Mathematical Sciences, Michigan Technological University, Houghton, MI, United States of America.
PLoS One. 2022 Apr 28;17(4):e0260911. doi: 10.1371/journal.pone.0260911. eCollection 2022.
There has been an increasing interest in joint analysis of multiple phenotypes in genome-wide association studies (GWAS) because jointly analyzing multiple phenotypes may increase statistical power to detect genetic variants associated with complex diseases or traits. Recently, many statistical methods have been developed for joint analysis of multiple phenotypes in genetic association studies, including the Clustering Linear Combination (CLC) method. The CLC method works particularly well with phenotypes that have natural groupings, but due to the unknown number of clusters for a given data, the final test statistic of CLC method is the minimum p-value among all p-values of the CLC test statistics obtained from each possible number of clusters. Therefore, a simulation procedure needs to be used to evaluate the p-value of the final test statistic. This makes the CLC method computationally demanding. We develop a new method called computationally efficient CLC (ceCLC) to test the association between multiple phenotypes and a genetic variant. Instead of using the minimum p-value as the test statistic in the CLC method, ceCLC uses the Cauchy combination test to combine all p-values of the CLC test statistics obtained from each possible number of clusters. The test statistic of ceCLC approximately follows a standard Cauchy distribution, so the p-value can be obtained from the cumulative density function without the need for the simulation procedure. Through extensive simulation studies and application on the COPDGene data, the results demonstrate that the type I error rates of ceCLC are effectively controlled in different simulation settings and ceCLC either outperforms all other methods or has statistical power that is very close to the most powerful method with which it has been compared.
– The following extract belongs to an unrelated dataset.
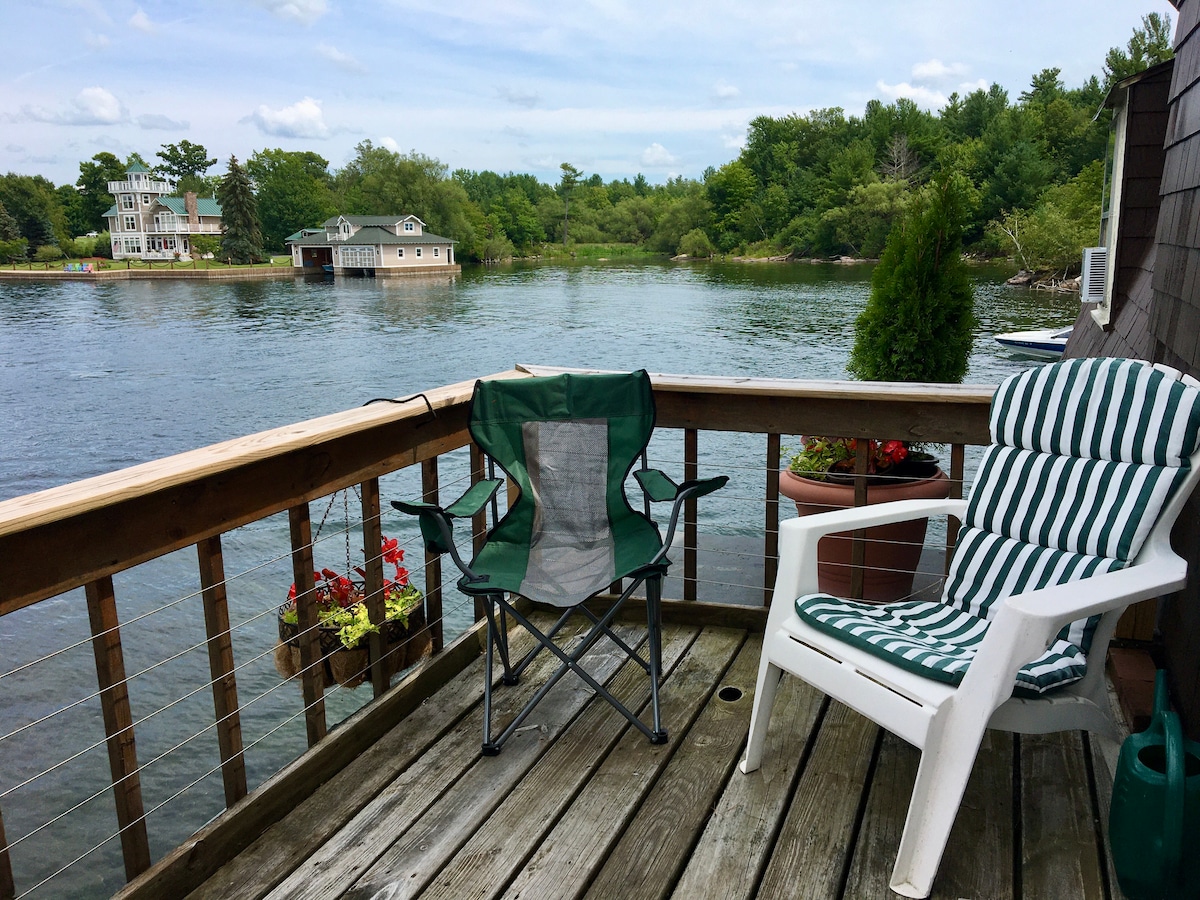 Pleasant & cheerful 2BR 2BA above boathouse on an island in the Heart of the 1000 Islands. 5 minutes outside of popular Alexandria Bay & Boldt Castle. Apartment is directly above the boat slips. Stairs of about 10 steps to front door. NOT suitable for young children, pets, anyone w/mobility concerns. Swim from the dock, relax on the deck, enjoy exploring the river. A boating paradise! Must have a boat! If renting locally, we can make suggestions. Large boats OK, 74 ft dock!

人们对全基因组关联研究(GWAS)中多种表型的联合分析越来越感兴趣,因为联合分析多种表型可以提高检测与复杂疾病或特征相关的遗传变异的统计能力。最近,已经开发了许多用于遗传关联研究中多个表型联合分析的统计方法,包括聚类线性组合(CLC)方法。CLC 方法在具有自然分组的表型上效果特别好,但由于给定数据的聚类数量未知,CLC 方法的最终检验统计量是从每个可能的聚类数量获得的 CLC 检验统计量的最小 p 值。因此,需要使用模拟过程来评估最终检验统计量的 p 值。这使得 CLC 方法计算量很大。我们开发了一种称为计算高效 CLC(ceCLC)的新方法,用于检验多个表型与遗传变异之间的关联。ceCLC 不是像 CLC 方法那样使用最小 p 值作为检验统计量,而是使用柯西组合检验来组合从每个可能的聚类数量获得的所有 CLC 检验统计量的 p 值。ceCLC 的检验统计量近似遵循标准的柯西分布,因此无需模拟过程即可从累积密度函数中获得 p 值。通过广泛的模拟研究和 COPDGene 数据的应用,结果表明,ceCLC 在不同的模拟设置下有效地控制了第一类错误率,并且 ceCLC 要么优于所有其他方法,要么与已比较的最强大方法具有非常接近的统计能力。